On 20 March 2015, China and South Korea held a handover ceremony at Incheon Airport. Sixty-eight remains were repatriated. More than 260 officers and soldiers from an electronic countermeasures regiment and a mechanized infantry regiment (团 (tuan)) participated in the repatriation ceremony. On 21 March, a burial ceremony was held in Shenyang Martyrs Cemetery.

=== The Third Collection ===
The remains were exhumed between March 2015 and November 2015 in Yeoncheon and Tiewon, Gyeonggi Province, South Korea.
On 31 March, a Chinese Il76 transport aircraft, escorted by two J-11 fighter jets, arrived at Shenyang, carrying coffins that contained thirty-six remains of soldiers. The Ministry of Civil Affairs, the Political Work Department of the CMC, the Civil Affairs Department of Liaoning Province, and the Army Organs of the Northern Theater Command attended the receiving ceremony.

=== The Fourth Collection ===

On 27 February 2017, South Korean and Chinese working groups completed talks about the transfer of a fourth set of remains.

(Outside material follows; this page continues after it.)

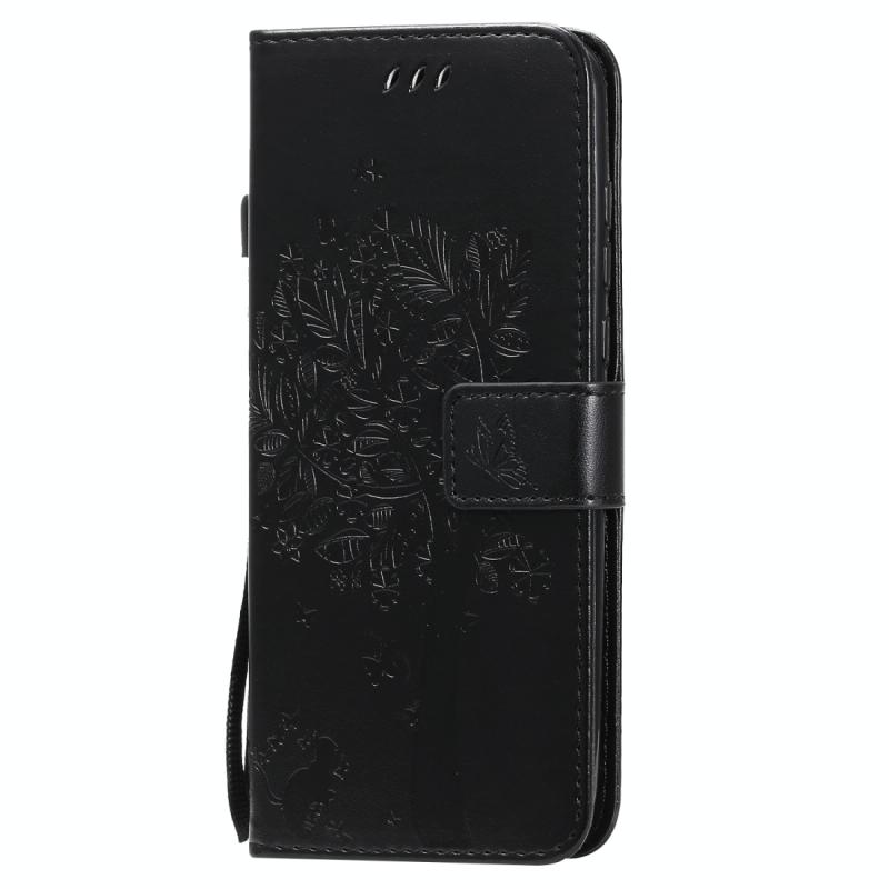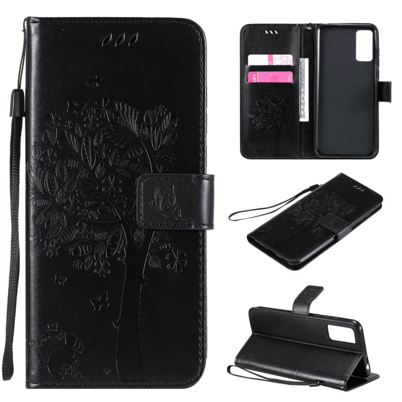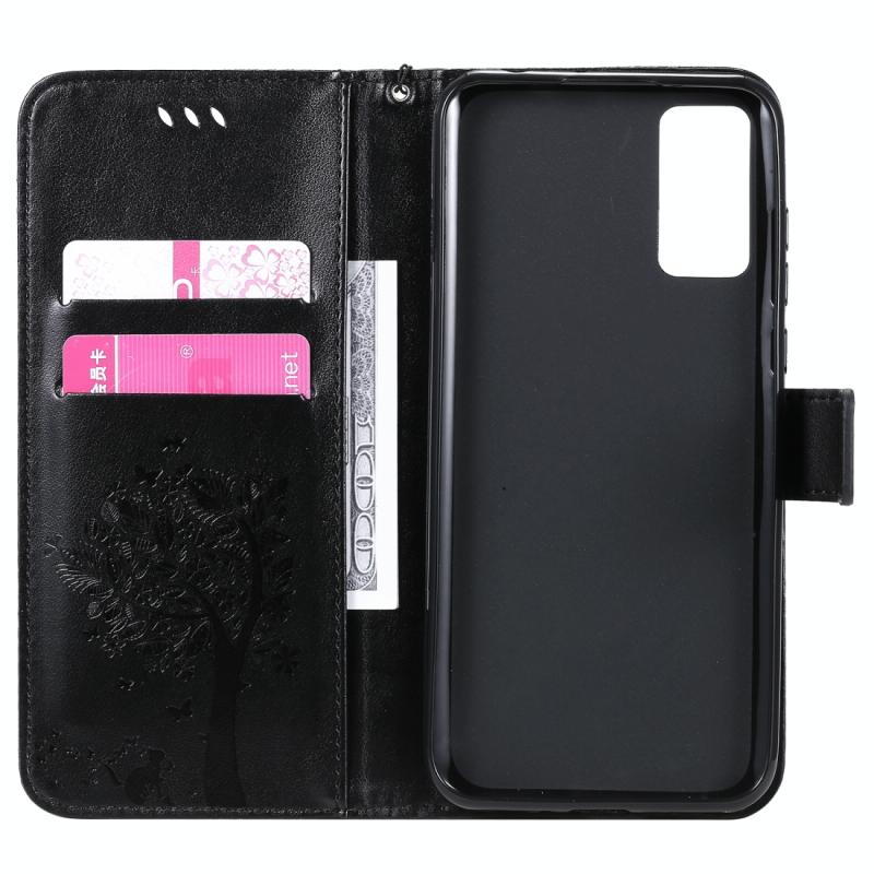 For Huawei Honor Play4T Pro Tree & Cat Embossed Pattern Horizontal Flip Leather Case with Holder & Card Slots & Wallet & Lanyard(Black)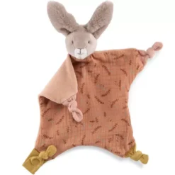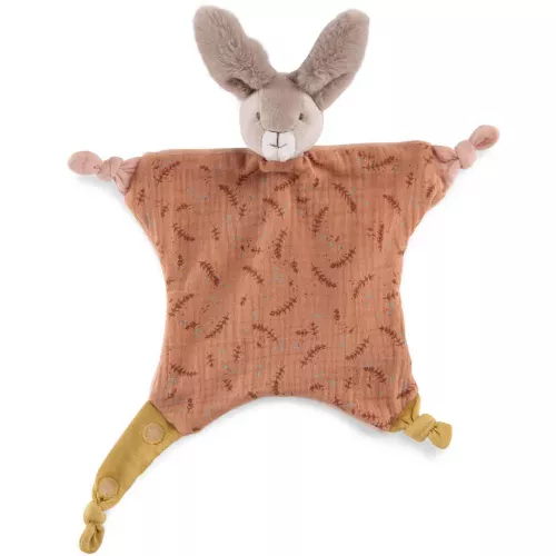 Een knuffeldoek ‘Clay’ uit de serie ‘Trois Petit Lapins’ van het Franse merk Moulin Roty om mee te tutten en te frutten. Het babydoekje met konijnenknuffeltje voelt prettig aan en geeft houvast. Aan het lieflijke konijnendoekje kan een speen worden bevestigd waardoor het ook fungeert als speendoek.

China and the Republic of Korea had held a joint burial ceremony for these remains in Incheon, South Korea on 20 March 2014. These remains were exhumed between March and November 2016.

On 22 March 2017, the remains were handed over at Incheon Airport; Chinese Vice Minister of Civil Affairs Sun Shaocheng attended the handover ceremony. He was the first high-level Chinese official to visit the Republic of Korea since the THAAD deployment.

=== The Fifth Collection ===

On 28 March 2018, China and South Korea held a handover ceremony for the fifth collection of remains. The plane carried the remains and relics of 20 volunteers to Shenyang Taoxian Airport. On 29 March, the remains of the returning volunteers were buried in the Shenyang Martyrs Cemetery. Cui Fenglin, Vice Governor of Liaoning Province, presided over the ceremony.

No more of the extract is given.